3. What Are Hard and Soft Selective Sweeps?

A hard selective sweep is a process in which a single novel beneficial mutation arises in a population and rises in frequency quickly to fixation. Patterns expected under the hard sweep model mainly include a reduction in variation surrounding the beneficial mutation owing to the fixation of the haplotype in which the beneficial mutation cropped up by chance and well-described effects on the allele frequency spectrum and patterns of linkage disequilibrium. By contrast, a soft selective sweep does not reference a particular population genetic model but rather a collection of many models that may result in similar genomic patterns of variation. Two such models that are banded together within the vague definition of “soft selective sweep” are selection on a preexisting variant in the population that is associated with two or more haplotypes (also referred to as “selection on standing variation”) and selection on multiple new mutations. As far as selection on standing variation is concerned, a selective shift is required, i.e., a variant that was previously neutral or deleterious becomes advantageous. Orr and Betancourt [20] and Hermisson and Pennings [21] defined the conditions under which a soft sweep from standing variation becomes possible. They found out that a soft selective sweep is feasible only if the beneficial mutation segregated at appreciable frequencies on the population before the selective shift either through balancing selection (if it was deleterious) or random genetic drift (if it was neutral). Interestingly, even if selection is acting on standing variation, in the vast majority of cases, a single haplotype will fix in the population, rendering what should have been a soft selective sweep indistinguishable from a hard selective sweep. Thus, on theoretical grounds, soft sweeps should be even rarer than hard sweeps and are unlikely to be observed, especially in species with small effective population sizes, such as humans.

4. An Additional Look at the Methodology and Claims of Schrider and Kern (2017)

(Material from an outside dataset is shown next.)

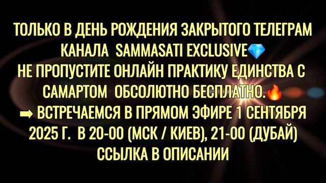 Дорогие ❤ Для нашей команды очень волнительный и счастливый момент Ровно 1 Год назад - 1 сентября мы создали закрытый канал "Sammasati Exclusive " Сегодня нас там больше 2000 участников За что мы благодарны каждому из вас Целый год мы вместе идем к вашим изменениям, читаем ваши истории, наслаждаемся вашими успехами и понимаем: Мы на правильном пути! Здесь наше место! Здесь мы нужны ❤ В честь этого события мы хотим пригласить каждого желающего, а вы в свою очередь, можете пригласить своих желающих на СОВМЕСТНУЮ ПРАКТИКУ из Закрытого канала с Самартом, которая пройдет в Прямом эфире и будет открыта для каждого, кому это необходимо ❤ ➡️ Встречаемся в Прямом эфире 1 сентября 2025 г. в 20-00 (Мск / Киев), 21-00 (Дубай) Сначала Самарт поотвечает на вопросы, саму практику начнем в 20-40 (мск) Ссылкa для входа https://youtube.com/live/18BUXgRtn9A?feature=share Присоединяйтесь ❤️

In studying the role of adaptation in recent human evolution, Schrider and Kern [4] claimed to have applied an SML approach to simulated human population data to evaluate the evidence for positive selection in humans. The authors used genomic data from six human populations and a so-called supervised machine learning procedure to arbitrarily classify large segments of the human genome (i.e., genetic windows) into five classes if they: (1) have experienced a hard selective sweep, (2) are linked to a hard selective sweep, (3) have experienced a soft selective sweep, (4) are linked to a soft selective sweep, or (5) have evolved neutrally, which includes regions evolving under strict neutrality as well as sequences affected by purifying selection. Their conclusion, as written in the title, was “Soft Sweeps Are the Dominant Mode of Adaptation in the Human Genome”. In the paper itself, the results are presented in a more nuanced manner; while Schrider and Kern [4] only found a minority of genomic windows to be subject to either soft or hard selective sweeps (7.6%), a large fraction of windows was found to be “linked to a completed selected sweep, either hard or soft (56.4% on an average).” Neutral evolution accounted for the evolution of only 36.0% of genomic segments. Harris et al. [2] examined the assumptions and the performance of Schrider and Kern’s [3] S/HIC algorithm used in Schrider and Kern [4] and concluded that the claims regarding the algorithm’s robustness and accuracy rely on prior knowledge of both the distribution of fitness effects as well as the demographic history of the population in question, but as neither is known in practice, rampant misclassification occurs. Thus, hard sweeps of weakly beneficial mutations, as well as neutral demographic models (e.g., bottlenecks, structured populations, and migration), are frequently misclassified as soft sweeps, while severe population bottlenecks tend to result in genomic patterns of variation that mimic hard sweeps. Furthermore, if the true demographic model is unknown, S/HIC tends to misclassify the vast majority of hard selective sweeps as soft sweeps.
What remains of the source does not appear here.